- Dhoke Jamarghal Location within Punjab, Pakistan Dhoke Jamarghal Dhoke Jamarghal (Pakistan)
- Coordinates: 32°51′0.0426″N 73°33′59.0616″E﻿ / ﻿32.850011833°N 73.566406000°E
- Country: Pakistan
- Province: Punjab
- District: Jhelum
- Tehsil: Dina
- Union Council: Janjeel
- Post Office: Nathwala

Government
- • Type: Union Council
- Elevation: 271 m (889 ft)
- Time zone: UTC+5 (PKT)

= Dhoke Jamarghal =

Dhoke Jamarghal, also known as Dera Jammargal, is a hamlet located in the Jhelum District of Punjab, Pakistan. It is part of Dina Tehsil and comes under the Janjeel Union Council.
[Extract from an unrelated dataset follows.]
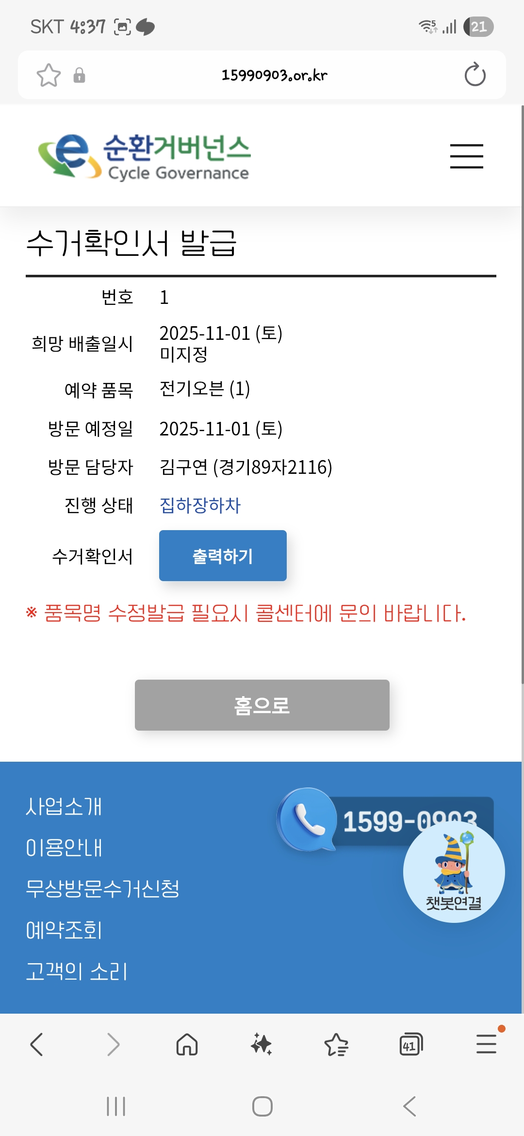 전기오븐 무료수거로 배출 완료했어요~

It is located 18.08 kilometers southwest of Jhelum city and 56.84 kilometers northeast of Pind Dadan Khan.

==Administration==
Historically, it has been always part of Sanghoi union council of Jhelum tehsil but in 2005 Dina tehsil was formed and Janjeel union council was created under it. This hamlet was inducted into these entities at that time.

==Geography==
It is located in southern part of Dina tehsil.